▶ SUPPLIED DATA:
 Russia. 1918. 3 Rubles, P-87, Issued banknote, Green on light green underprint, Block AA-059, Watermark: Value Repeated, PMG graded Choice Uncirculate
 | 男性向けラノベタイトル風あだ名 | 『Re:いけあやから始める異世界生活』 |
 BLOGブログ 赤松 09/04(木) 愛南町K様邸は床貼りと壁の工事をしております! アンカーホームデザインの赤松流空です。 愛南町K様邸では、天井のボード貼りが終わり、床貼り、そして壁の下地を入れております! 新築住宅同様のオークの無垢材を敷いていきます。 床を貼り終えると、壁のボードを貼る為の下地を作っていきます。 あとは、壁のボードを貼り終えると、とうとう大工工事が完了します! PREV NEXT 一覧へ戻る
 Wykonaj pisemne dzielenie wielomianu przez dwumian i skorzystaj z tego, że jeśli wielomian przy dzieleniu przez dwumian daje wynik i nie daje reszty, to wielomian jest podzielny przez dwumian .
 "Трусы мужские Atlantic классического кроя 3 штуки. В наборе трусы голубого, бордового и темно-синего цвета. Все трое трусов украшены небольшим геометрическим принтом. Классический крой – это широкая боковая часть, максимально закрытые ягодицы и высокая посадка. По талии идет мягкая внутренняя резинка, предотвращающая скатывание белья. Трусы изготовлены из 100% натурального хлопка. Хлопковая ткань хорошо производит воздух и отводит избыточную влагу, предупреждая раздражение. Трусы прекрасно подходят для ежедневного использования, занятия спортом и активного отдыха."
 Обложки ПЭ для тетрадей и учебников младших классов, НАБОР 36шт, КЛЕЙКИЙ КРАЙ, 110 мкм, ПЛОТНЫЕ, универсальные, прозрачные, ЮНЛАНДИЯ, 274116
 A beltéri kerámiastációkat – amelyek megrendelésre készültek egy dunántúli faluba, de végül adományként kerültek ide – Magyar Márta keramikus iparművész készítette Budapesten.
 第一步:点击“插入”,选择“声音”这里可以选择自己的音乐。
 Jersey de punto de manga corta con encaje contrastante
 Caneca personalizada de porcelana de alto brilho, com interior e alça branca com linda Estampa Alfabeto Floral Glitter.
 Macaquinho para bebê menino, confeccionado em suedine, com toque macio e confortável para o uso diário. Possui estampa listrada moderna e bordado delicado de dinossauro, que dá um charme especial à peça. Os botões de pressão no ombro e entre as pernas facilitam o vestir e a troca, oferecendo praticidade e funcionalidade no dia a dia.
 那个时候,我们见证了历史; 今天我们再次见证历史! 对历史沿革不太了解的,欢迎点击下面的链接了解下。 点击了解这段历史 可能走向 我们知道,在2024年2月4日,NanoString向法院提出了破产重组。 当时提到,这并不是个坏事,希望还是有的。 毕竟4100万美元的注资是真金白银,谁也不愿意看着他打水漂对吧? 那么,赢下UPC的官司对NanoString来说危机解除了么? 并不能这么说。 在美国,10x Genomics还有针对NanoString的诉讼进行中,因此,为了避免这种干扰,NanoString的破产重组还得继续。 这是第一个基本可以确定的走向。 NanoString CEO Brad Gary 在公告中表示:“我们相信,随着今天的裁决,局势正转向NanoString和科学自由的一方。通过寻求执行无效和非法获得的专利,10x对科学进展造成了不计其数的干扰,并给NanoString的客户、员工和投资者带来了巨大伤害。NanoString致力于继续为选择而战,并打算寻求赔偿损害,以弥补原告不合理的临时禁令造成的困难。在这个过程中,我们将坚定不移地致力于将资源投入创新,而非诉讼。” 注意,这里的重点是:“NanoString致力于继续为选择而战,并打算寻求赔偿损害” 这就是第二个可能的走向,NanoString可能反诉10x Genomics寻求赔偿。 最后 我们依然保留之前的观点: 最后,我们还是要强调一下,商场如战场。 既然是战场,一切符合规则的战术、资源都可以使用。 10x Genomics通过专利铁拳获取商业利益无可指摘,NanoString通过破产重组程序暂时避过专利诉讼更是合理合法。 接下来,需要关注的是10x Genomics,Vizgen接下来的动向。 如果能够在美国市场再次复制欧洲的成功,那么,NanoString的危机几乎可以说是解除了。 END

▶ GOAL OF THE EXERCISE: Above are the entries. Copy exactly the part that opens with the line containing "A beltéri kerámiastációkat" and closes with the line containing "Macaquinho para bebê", and no more.

▶ RESULT FOR THIS TASK:
 A beltéri kerámiastációkat – amelyek megrendelésre készültek egy dunántúli faluba, de végül adományként kerültek ide – Magyar Márta keramikus iparművész készítette Budapesten.
 第一步:点击“插入”,选择“声音”这里可以选择自己的音乐。
 Jersey de punto de manga corta con encaje contrastante
 Caneca personalizada de porcelana de alto brilho, com interior e alça branca com linda Estampa Alfabeto Floral Glitter.
 Macaquinho para bebê menino, confeccionado em suedine, com toque macio e confortável para o uso diário. Possui estampa listrada moderna e bordado delicado de dinossauro, que dá um charme especial à peça. Os botões de pressão no ombro e entre as pernas facilitam o vestir e a troca, oferecendo praticidade e funcionalidade no dia a dia.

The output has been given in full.